The proposed post-LT recurrence of pulmonary SS is a diagnosis of exclusion. This notion is supported by sterile HRCT chest infiltrates, prominent neutrophilic infiltration of allograft biopsies, neutrophil-predominant BAL cell count, recurrent skin lesions, and predictable corticosteroid responsiveness. The comparison of the pre-LT with post-LT temporal progression of pulmonary SS gauged by sequential HRCT chest imaging (diffuse airway disease followed by airspace infiltration) and PFT assessments (progressive obstructive lung disease) is strikingly similar, further supporting recurrent pulmonary SS. SS joins a short list of recurrent primary lung diseases after LT, which includes sarcoidosis, lymphangioleiomyomatosis, hard-metal disease, and pulmonary capillary hemangiomatosis.
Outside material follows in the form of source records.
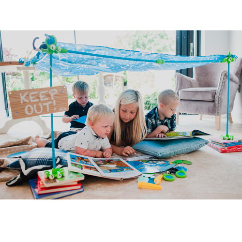 Telt-Kit Super er et telt-kit, der er skabt til store drømme og store bygningsværker. Brug det indenfor og udenfor. I stuen og på børneværelset... ja, selv badeværelset kan bruges som byggegrund, når I har et Telt-Kit Super. Det fleksible og ikke mindst alsidige byggesystem kan bruges på så utrolig mange måder, at I sikkert vil opleve, at jeres barn rejser et nyt telt hver dag.Telt-Kit Super indeholder:8 stænger4 diske3 klemmer3 kroge2 sugekopper2 pløkker6 greb1 Keep Away-skiltDe forskellige elementer, som er indeholdt i Telt-Kit Super, kan bruges til at forankre og fastgøre lagner, tæpper o.lign. Glem derfor alt om gamle dages hulebyggeri, hvor man forsøgte at drapere fire stole med en dug, og så krydsede fingre for, at den ikke ville glide ned hele tiden.Dette telt-kit er skabt til intelligent teltbyggeri. Stole, reoler og borde kan sagtens stadig indgå i byggelegen, men som noget nyt kan dit barn som det letteste i verden, også tage fx vindueskarme og vinduer i brug. Sidstnævnte gøres ved at bruge de medfølgende sugekopper, som placeres på vinduerne, hvorefter lagnet sættes fast. Det særlige ved dette telt-kit er desuden, at der medfølger diske og stænger, som kan bruges til at bygge et telt-skelet, således at teltet er lidt mere stabilt fra start af. På den måde minder dette telt-kit meget om et almindeligt telt - med den forskel, at dette telt jo kan varieres i det uendelige.Prøv fx også at bruge noget meget mørkt stof som teltdug - det vil være en sjov oplevelse for dit barn at krybe ind i mørket og putte sig derinde. Det vil også være en oplagt måde at bruge teltet på, hvis det har været en lidt hård uge, og dit barn trænger til lidt ro og fordybelse.Har I nogle smukke og farverige tørklæder, kan I bygge et beduinertelt, og fylde det med store puder. I kan lave en læsehule, et sejlskib, et picnic-telt, en ubåd... mulighederne er så uendelig mange. Og når det er tid til at pakke sammen, kan I glæde jer over, at kittet kun fylder ganske lidt. Om sommeren vil de desuden være oplagt at bruge telt-kittet som et lille skygge-skjul, hvor børnene kan krybe ind og hygge sig, når solens stråler bliver lidt for skrappe. Telt-Kit Super kan bruges af børn fra 3 år (dog med hjælp fra forældre) og på egen hånd fra ca. 6 år.
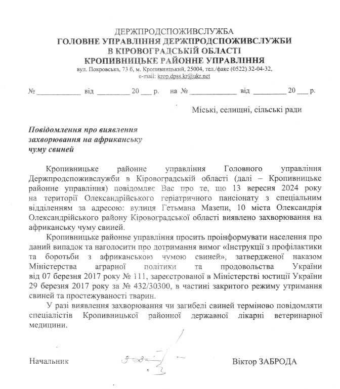 У разі підозри захворювання тварин на АЧС терміново звертайтеся до державних установ ветеринарної медицини та повідомляйте Головне управління Держпродспоживслужби в Кіровоградській області за телефоном: (0522) 32 13 61.
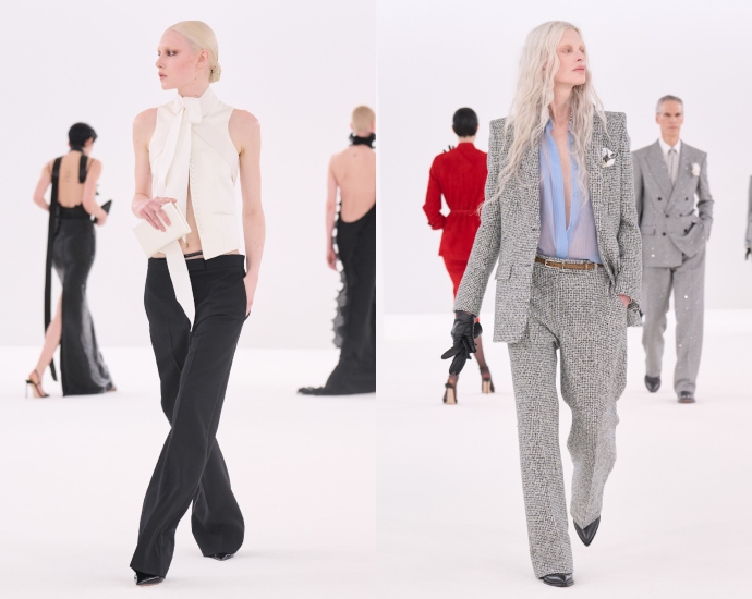 Στο επίκεντρο της συλλογής Tom Ford, βρίσκεται το tailoring. Το κοστούμι λειτουργεί ως βάση, πάνω στο οποίο ο Ackermann πειραματίζεται με τις αναλογίες, τις υφές και τα υλικά, όπως το PVC. Μικρές παραλλαγές στο design μεταμορφώνουν ένα κλασικό σύνολο σε κάτι απρόσμενο, χωρίς να χάνεται η αίσθηση της ανεπιτήδευτης κομψότητας και του sexiness που χαρακτηρίζουν τον οίκο.
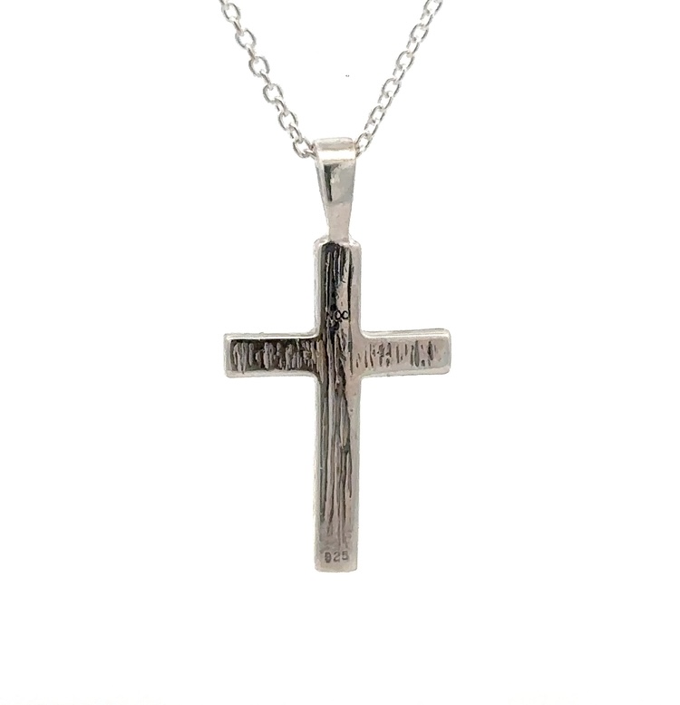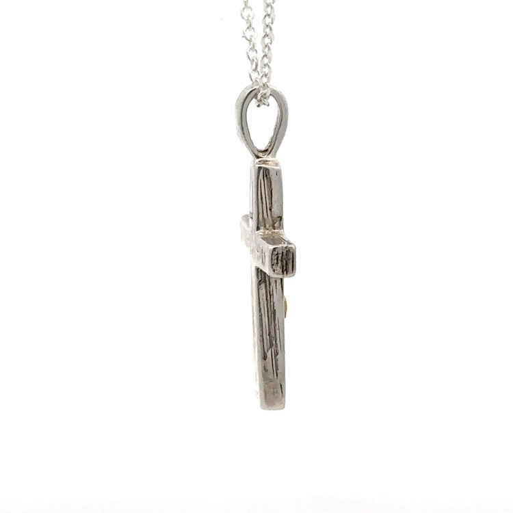 This lady’s estate pendant features sterling silver and inlaid gold nuggets in the shape of a cross.
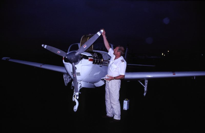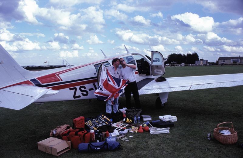 The estimated flight time was 7:36 so a take-off at 0755 Zulu would be spot-on. Just to be safe, we took off 5 minutes early, figuring it would be easier to lose the time than make it up. Northbound over Portugal the headwind component got stronger and stronger and we slipped from 5 minutes up to 15 minutes down. “Don't worry," said Steve, “It’ll change to a tailwind as soon as we set out across the Bay of Biscay". “Yes, but what if it doesn’t?" I replied, easing the rpm up to 2500. As usual, he was right and I was wrong. By the time we crossed the French coast and turned at Nantes we were 15 minutes ahead of schedule, despite reducing the rpm back to 2200 and, for the first time ever, reducing the manifold pressure in the cruise back to 22 inches. After turning at Jersey we were talking to London, probably the first time they’d heard a ‘ZS’ callsign from a light aircraft. We cancelled IFR over Compton VOR and let down for a quick flypast at Denham (EGLD) before turning north again, now at 2,000 feet, for the last 20 minutes up to Sibson. We got there at 4:20 local, and after five days’ flying, it seemed ridiculous to fly around in circles just to land at half past, so I gave up gracefully and we landed just as the family car drove onto the airfield. We didn’t drink red wine that night, we drank champagne!
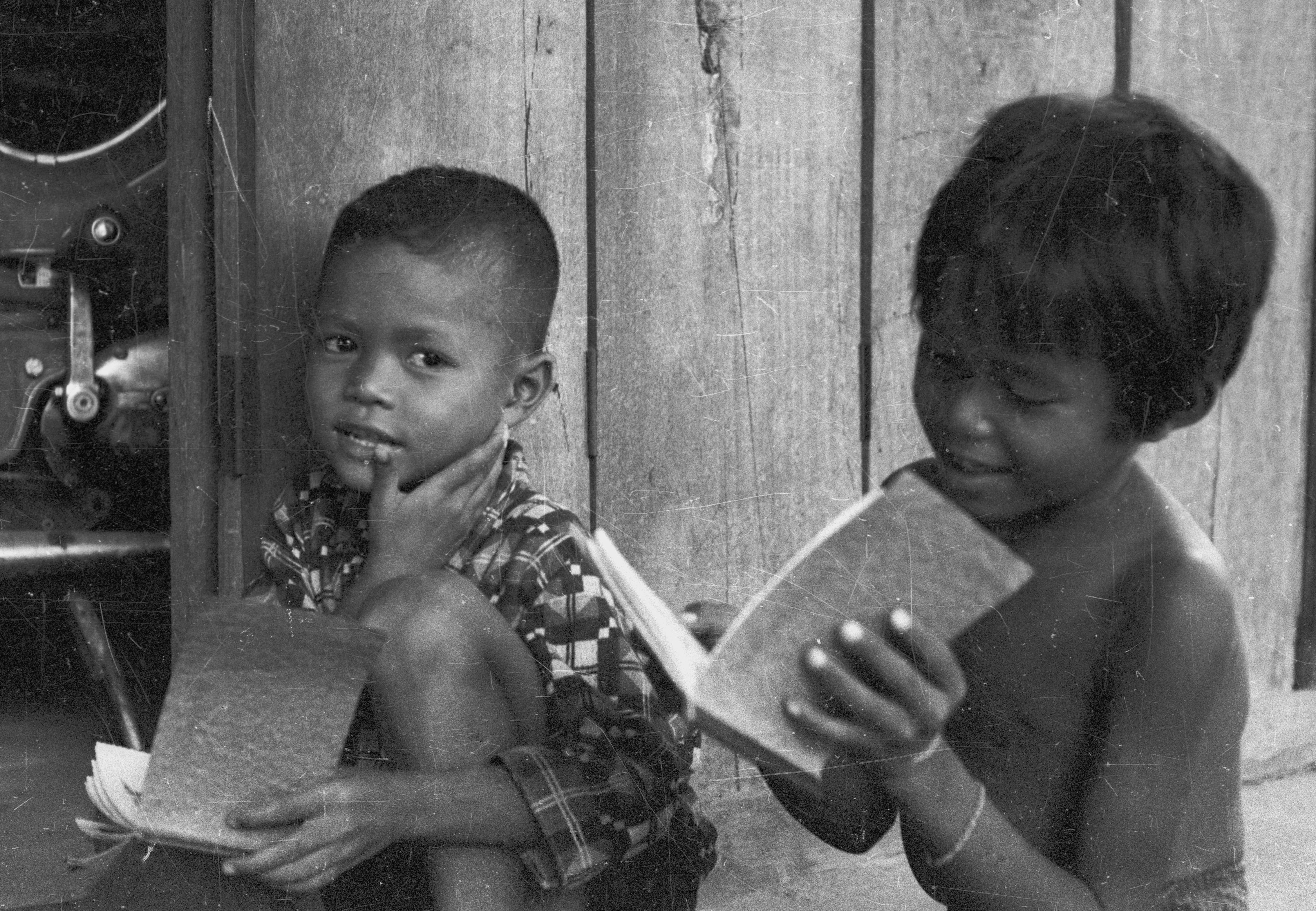 Two children looking at photos, Ban Nong Tun, Amphoe Muang, Changwat Maha Sarakham, Thailand, May 1963

Neutrophilic dermatoses have been suggested to have multiple overlapping clinical, genetic, and pathologic characteristics with established autoinflammatory diseases. Central to this concept are the consequences of uninhibited mediators of innate immunity (IL-1β, tumor necrosis factor-alpha, IL-17) and the potential for systemic disease resulting from tissue infiltration of dysregulated mature neutrophils. In addition, several preliminary lines of evidence support the role of the inflammasome and downstream IL-1 biology in solid organ and stem cell transplantation. As such, rilonacept may have contributed to the improvement and maintenance of pulmonary SS remission, as well as the avoidance of alloimmune injury after LT.
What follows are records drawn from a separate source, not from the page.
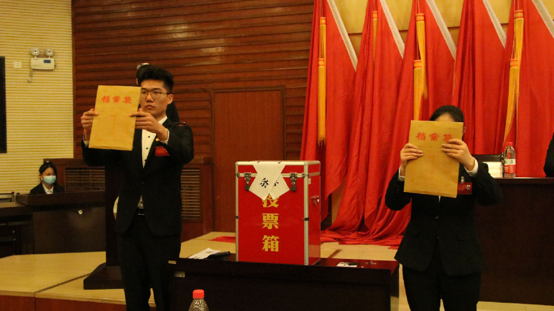 总监票人吕博昊宣布学生会主席团、学生会委员会委员、本科生出席校双代会代表选举结果,总监票人吝力宣布研究生会主席团、研究生会委员会委员、研究生出席校双代会代表选举结果。
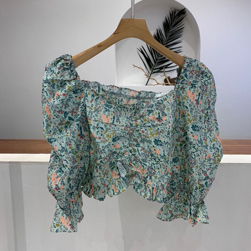 新品 サマースリーブシャツブラウスショート花柄トップス スウィート 夏物 ⦿韓国 オルチャン K-pop アイドル ジャケット スーツ ワンピース カーディガン ニット フーディー トレーナー キャミソール スカート シャツ ブラウス 5B1514344 | K clothig adult
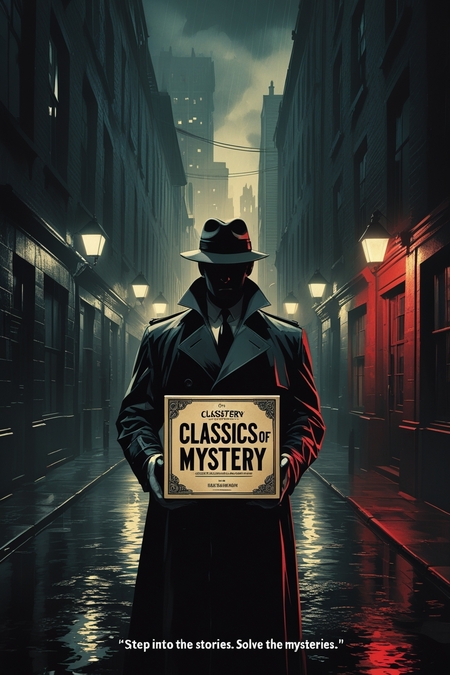 Promts: Vintage-style poster for a company called «Classics of Mystery», A noir-style city alley with rain-soaked streets, where a figure in a trench coat and hat holds a game box marked with «Classics of Mystery.» The atmosphere is moody and cinematic, with deep shadows and glowing streetlights. Color palette should use deep blacks, crimson reds, and subtle sepia or gray tones, emphasizing suspense, intrigue, and a connection to classic detective and horror aesthetics. Poster should include the tagline: "Step into the stories. Solve the mysteries.» Vintage-style poster for a company called «Classics of Mystery», A haunted mansion dining room with characters in formal attire playing a tabletop game. The setting includes eerie details like flickering candelabras, a cracked mirror, and faint ghostly silhouettes. Color palette should use deep blacks, crimson reds, and subtle sepia or gray tones, emphasizing suspense, intrigue, and a connection to classic detective and horror aesthetics. Poster should include the tagline: "Step into the stories. Solve the mysteries.»
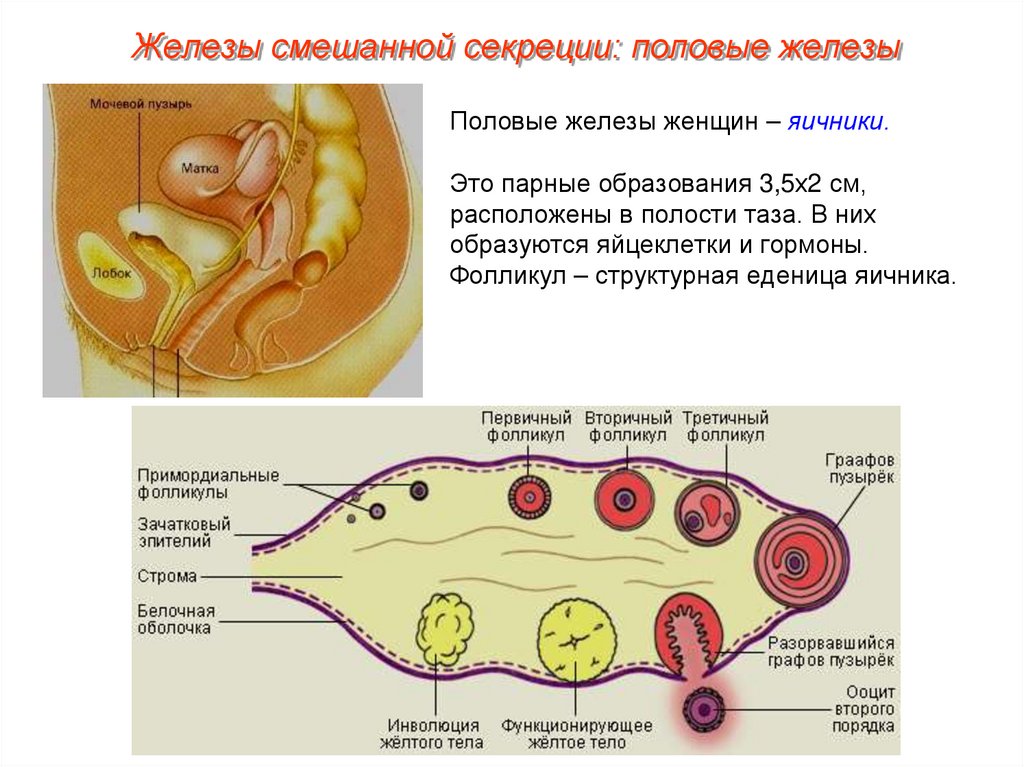 Железы смешанной секреции: половые железыПоловые железы женщин – яичники.
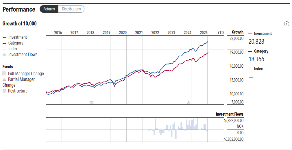 Grafen fra Morningstar viser FDAs relative utvikling mot gjennomsnittet av fond i samme kategori.

This report highlights the first human LT for SS. We posit that pulmonary SS is primarily an airway disorder with obstructive lung disease, which may progress to end-stage bronchiectasis and require LT. We provide evidence for the probable recurrence of pulmonary SS in the allograft. Nevertheless, LT should be a careful consideration for pulmonary SS, perhaps in concert with IL-1 receptor blockade, which may attenuate the recurrence or progression of pulmonary SS in the post-LT setting.